Born in Bombay in 1933 to SB Joshi, a master engineer, she was the second of five children and the first daughter. “Her father was the force behind her,” says her younger son, Chintamani Bhagat, 52, who heads a private-equity company in Singapore. “She took to engineering quickly, and he mentored her.”

For a conservative upper-caste Maharashtrian family at the time, this was radical. But Joshi had a fiery streak. He’d participated in the Quit India movement in 1942. His grandchildren say he wore khadi all his life. “He gave my mother all the financial, emotional and logistic support,” says her elder son Rajesh Bhagat, 58, a finance manager in the US. “He was even prepared if my mother chose not to marry to pursue her engineering dreams.”

It didn’t come to that. Shakuntala Joshi graduated from what is now the Veermata Jijabai Technological Institute, in 1953, becoming India’s first woman civil engineer. She went right to work, as a factory trainee. When she suffered minor injuries in an on-site explosion, her father knew she needed a morale boost. He sent her to Germany to work as a design engineer for two years.

She returned in 1957 to break yet another tradition, by marrying for love. Aniruddha Bhagat wasn’t an engineer; he owned an automobile garage, which raised several eyebrows in the extended Joshi family. The union would change both their lives. “Because my father didn’t earn enough to support a family, she took it upon herself to be the main bread winner,” Rajesh recalls. “She was an assistant professor of civil engineering in IIT-Bombay from 1959 to 1970, taking a two-year sabbatical to complete her Masters from the University of Pennsylvania.”

Chintamani describes his father, Aniruddha, as a polarising figure, a man who took risks, dreamed big. “She was the engine to his flashy car,” he says.

The couple founded their own bridge-building firm, Quadricon, in 1970, developing radical hinge-type connectors that needed less steel, and prefabricated modular parts that could create bridges of different spans and widths at lower costs. They also developed an unusual towable bridge, which could be wheeled under a weaker bridge for support when heavy cargo was passing over it.

It was a time when India was growing too. Bridges, particularly in the Himalayas, were transforming landscapes and communities. Quadricon’s patented systems ended up in some 69 bridges across India’s north and north-east. The company also designed bridges in the UK, US and Germany.

“Both my parents had a spark that comes from having a strong will,” Chintamani says. “At the dining table at home, conversations revolved around risk versus reward.” These were loud, long spirited exchanges. “It would appear as if they were fighting, but once they were done, they’d converse as friends, as if nothing had happened,” says Rajesh.

Her sons say the couple put their souls into bridge-building.
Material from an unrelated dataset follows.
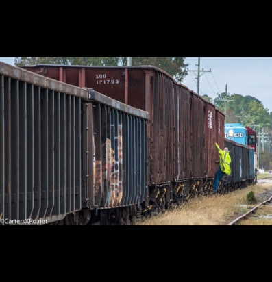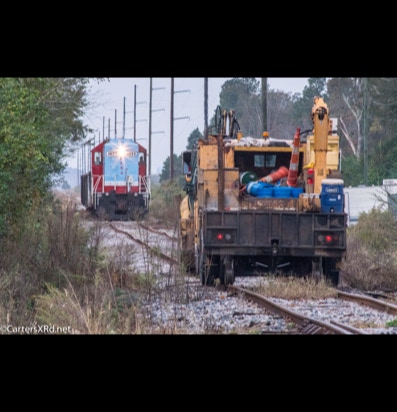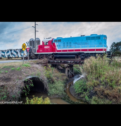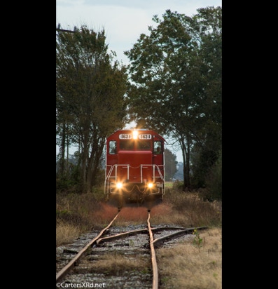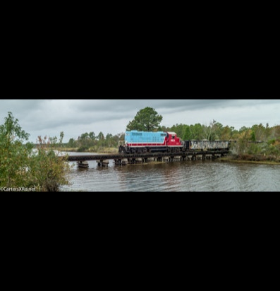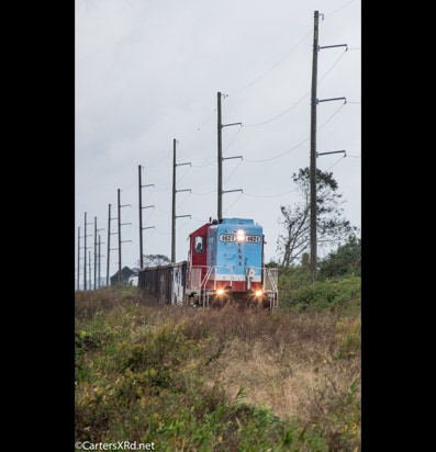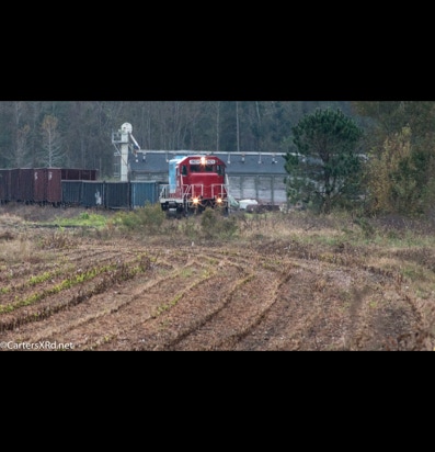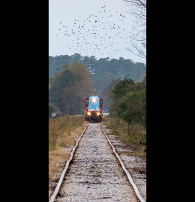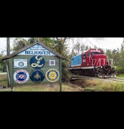 PINETOWN/BELHAVEN, NC — I didn’t plan to chase a train this day, but it was pretty and I just happened to catch Carolina Coastal trains 265 crossing Acre Station. I know a sign when I see it, so off I went all the way to the waterfront Purdue silos and back to Pinetown.

They took risks few engineers do today – they mortgaged their apartment and pawned the family jewellery to fund their ideas when governments and private firms seemed reluctant to invest. “When there were accidents on site, there would be a gloom at home as if someone had died,” Rajesh recalls.

Shakuntala Bhagat did it all while raising two sons and a daughter, and retaining a love for Western classical symphonies from her time in Germany. Both sons say they knew their mother was different from other homemakers. But it didn’t dawn on them until much later that she was a co-founder in a field with almost no women. They grew up watching her methodically work the slide rule and fill up notebooks with calculations in an age before computers. They took most of their vacations to bridge sites, and the sons learned from their parents how to examine a mega structure with a critical eye.

“It’s only after I became got into real estate that I realised that bridges are among the most complicated things to build,” Chintamani says. “I think they were born in the right country but at the wrong time. They had a dozen chances to emigrate. There were so many offers from Canada. But like my grandfather they believed in India and wanted to see it through.”